I downloaded the new version some day ago and immediately fell in love
with the compact syntax. In my opinion it feels much more natural.
I especially realized that it took me more effort to convert old
ocaml+twt code (lots of semantically relevant indentation changes) then
it did to convert vanilla ocaml code (essentially s/ *\( in\|;\)$//g
plus some optional parentheses removal).

> I was hesitant to introduce this feature because it's extra hackish in
> implementation (even moreso than the rest of this house of cards). It also
> removes some programmer freedom, because you cannot have the let body on the
> same line as the let, and you cannot have a statement sequentially following
> the let, outside the scope of the binding. 
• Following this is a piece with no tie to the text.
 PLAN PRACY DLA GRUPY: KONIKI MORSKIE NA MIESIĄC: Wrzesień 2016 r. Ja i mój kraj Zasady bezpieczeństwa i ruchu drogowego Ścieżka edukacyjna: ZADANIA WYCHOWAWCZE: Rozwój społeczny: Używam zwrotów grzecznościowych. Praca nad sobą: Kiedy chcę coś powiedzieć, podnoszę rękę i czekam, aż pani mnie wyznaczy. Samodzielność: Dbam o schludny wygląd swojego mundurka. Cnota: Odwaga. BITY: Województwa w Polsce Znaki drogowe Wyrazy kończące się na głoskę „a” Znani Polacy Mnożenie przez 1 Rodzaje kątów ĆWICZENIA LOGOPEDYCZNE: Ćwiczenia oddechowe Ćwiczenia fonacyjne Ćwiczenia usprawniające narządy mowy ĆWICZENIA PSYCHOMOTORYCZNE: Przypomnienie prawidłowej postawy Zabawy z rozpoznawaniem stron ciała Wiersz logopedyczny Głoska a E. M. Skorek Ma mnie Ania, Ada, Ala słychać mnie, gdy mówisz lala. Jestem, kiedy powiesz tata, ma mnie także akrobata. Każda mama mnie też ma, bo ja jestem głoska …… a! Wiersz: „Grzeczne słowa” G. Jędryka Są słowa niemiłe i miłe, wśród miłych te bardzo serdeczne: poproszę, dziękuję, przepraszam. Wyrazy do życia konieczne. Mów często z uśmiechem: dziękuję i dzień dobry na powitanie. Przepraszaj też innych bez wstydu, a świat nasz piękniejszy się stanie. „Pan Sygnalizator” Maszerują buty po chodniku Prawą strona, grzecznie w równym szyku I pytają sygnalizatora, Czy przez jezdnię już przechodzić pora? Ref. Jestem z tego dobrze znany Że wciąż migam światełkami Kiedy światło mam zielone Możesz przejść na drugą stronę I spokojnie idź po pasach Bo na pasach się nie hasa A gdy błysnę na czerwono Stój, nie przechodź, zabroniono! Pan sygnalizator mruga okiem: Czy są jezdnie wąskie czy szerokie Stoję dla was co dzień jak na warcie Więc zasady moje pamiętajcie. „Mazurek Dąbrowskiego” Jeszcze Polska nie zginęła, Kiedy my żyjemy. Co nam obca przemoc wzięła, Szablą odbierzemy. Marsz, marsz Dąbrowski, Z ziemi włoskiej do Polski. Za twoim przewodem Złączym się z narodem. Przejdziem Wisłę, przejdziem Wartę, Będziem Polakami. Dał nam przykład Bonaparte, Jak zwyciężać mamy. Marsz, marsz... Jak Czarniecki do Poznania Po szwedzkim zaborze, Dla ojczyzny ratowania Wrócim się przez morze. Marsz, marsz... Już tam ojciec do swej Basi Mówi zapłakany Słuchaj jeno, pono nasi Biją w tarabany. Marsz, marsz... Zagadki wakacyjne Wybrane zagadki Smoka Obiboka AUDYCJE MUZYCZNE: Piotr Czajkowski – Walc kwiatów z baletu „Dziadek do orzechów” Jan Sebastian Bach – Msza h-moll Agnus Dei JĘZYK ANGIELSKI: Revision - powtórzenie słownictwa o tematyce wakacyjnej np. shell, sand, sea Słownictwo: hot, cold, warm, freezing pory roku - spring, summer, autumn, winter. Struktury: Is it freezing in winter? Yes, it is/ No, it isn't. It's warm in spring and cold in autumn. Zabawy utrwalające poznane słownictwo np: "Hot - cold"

A let body beginning in the first line is no problem if you add an
additional semicolon:

let print x y = print_string x ;   (* <-- note the semicolon *)
  print_string " "
  print_string y
print "Hello" "World"


If you need a function in private scope you can easily declare and call 
it inside a 'let _ =' block:

let x = 5
printf "%d\n" x
let _ =
  let y = x+1
  printf "%d\n" y
printf "no y here"


I ran into some minor problems due to ocaml+twt not recognizing the
object related syntax. As I personally use it only in rare cases, I
ended up with just putting the critical section in one long line.

I suggest to implement the '#light' pragma (as in f#) which would allow 
to swith on and off indentation awareness on the fly. This would also 
enable me to replace all ocaml compilers by wrappers calling ocaml+twt
implicitly. If you want I can prepare a little patch.